SNF - Multiphase fluid flow
The main goal of this research project is therefore to better understand non-isothermal multiphase flow in porous media, including phase change phenomena like crystallization and partial freezing using an integrated approach combining pore-scale and continuum models. In spite of many attempts and undeniable successes both theoretically and experimentally, yet the determination of multiphase interface configurations in complex pore geometries is not fully understood and it remains a challenging problem for researchers. The goal of the project will be achieved by developing validated pore-scale models to capture accurately the main physics of wetting, drying, crystallization processes in porous materials at pore-scale and then to upscale to the macro-scale for the assessment of multiphase flow and durability behaviour of porous materials in different applications. Specifically the project aims at filling the following research gaps: (1) further advancing validated non-isothermal lattice Boltzmann Models (LBM) at pore-scale for multiphase fluid transport within complex porous system including phase change like evaporation and crystallization; (2) coupling the LB model with pore-network models allowing upscaling for the determination of the macroscopic fluid transport properties; (3) at the macro-scale, further developing validated continuum models to study the heat and moisture performance of porous materials under partial freezing and to study the damage process under freeze-thaw cycling.
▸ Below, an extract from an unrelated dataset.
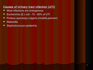 UTIs are grouped as pyelonephritis (inflammation of the renal pelvis, tubules, and interstitium) or cystitis (inflammation of the urinary bladder). The most common causes of UTIs are endogenous bacteria like E. coli, which cause 75-90% of infections. Risk factors include urinary obstruction, pregnancy, vesicoureteral reflux, diabetes, and instrumentation. Complications can include renal abscesses, pyonephrosis if the kidney is completely obstructed, and acute renal failure. Chronic pyelonephritis may cause scarred and deformed kidneys.

With respect to partial freezing, we propose to couple a heat-moisture transport model for partial freezing to a poro-mechanical damage model. To validate the different models, special experiments will be conducted, which are based - apart from more classical measurements - on advanced imaging analysis of multiphase flow, crystallization and damage on pore and macro-scale.
The project is organized in three major workpackages involving 4 PhD students.
This systematic approach will open new frontiers in the understanding and control of multiphase flow in different porous systems with applications in different fields such as petroleum engineering, biology, geophysics, building physics, pharmaceutical, chemical and semiconductor industries. Of special interest is the evaluation of the impact of deformation of porous materials, such as crack closure, on the fluid transport properties such as permeability, which is of great importance in a lot of applications such as petroleum engineering and geophysics. The coupled transport and reaction of fluids in porous media or fractures plays also a crucial role in a variety of scientific, industrial, and engineering processes such as simulation of petroleum reservoirs, geologic carbon sequestration, environmental contaminate transport and degradation of concrete and building materials. Because of the effect of chemical reactions, geometrical properties of porous media such as porosity, fracture aperture and tortuosity may significantly modify which can lead to a strong influence on macro-scale properties such as permeability and effective moisture diffusivity. The developed models for multiphase flow in porous media will be in particular applied to dynamic wicking in textiles at yarn scale. The developed models will also be applied for assessing frost damage in porous materials, which is of great interest for a wide range of fields such as civil engineering, food engineering, biomechanics and geomorphology. In the project we will focus on the retrofit of historical buildings worth preserving their facade and accounting for about 20 % of the existing building stock in Switzerland, which can be vulnerable to frost damage.